OECD Tax Talks #18 – Centre for Tax Policy and Administration
The Organization for Economic Co-operation and Development (OECD) believes that in most countries, the principles of taxation of cryptocurrencies are inconsistent and differ greatly depending on the jurisdiction.
IN report is given a number of examples, including various definitions of digital assets in regulatory frameworks. Most often, cryptocurrency is referred to as financial instruments or assets., in other cases, they are classified as goods, currencies or means of payment.

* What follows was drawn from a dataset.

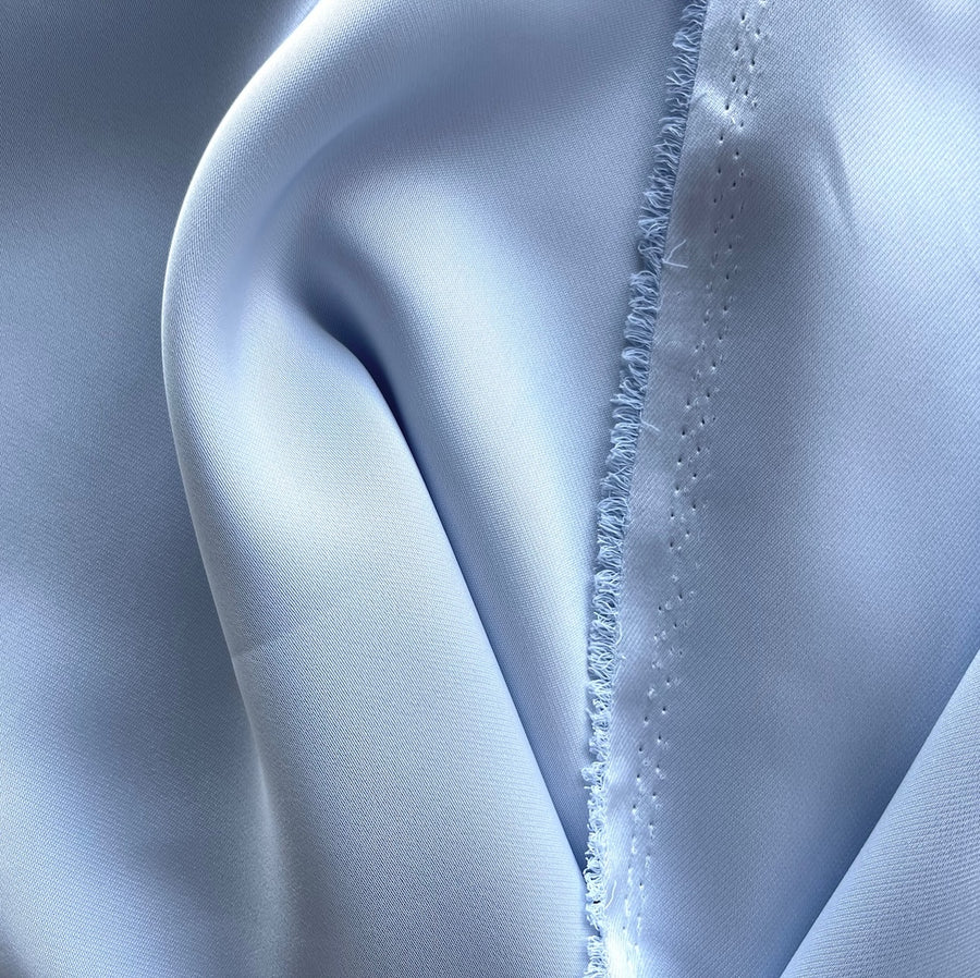 A double-sided polyester satin twill in an ephemeral shade of uranian blue - with a fabulous liquid drape, this satin twill is perfect for a column dress, pants, or jackets. Made in Korea. 100% polyester. 59" wide.

IN in some countries, including the United States, they remain an uncertain asset class for tax purposes.
The situation is similar with the calculation of the cost of cryptoassets mined through mining. Most often, the course is taken as a basis at the time of their creation, but in some jurisdictions tax the income on the first sale. Several countries may even combine different rules depending on the subject in question. At the same time, high volatility further complicates the assessment of the total amount of capital..
In the document, the OECD calls on the governments of all countries to bring more clarity to the mechanisms of taxation of cryptocurrencies, proposes to provide benefits to PoS miners due to the consumption of less electricity, as well as to simplify the system or not take into account small transactions and transactions at all.
While officials are studying these proposals, G20 members have already begun work. on the formalization of control standards and rules for the circulation of digital currencies of central banks.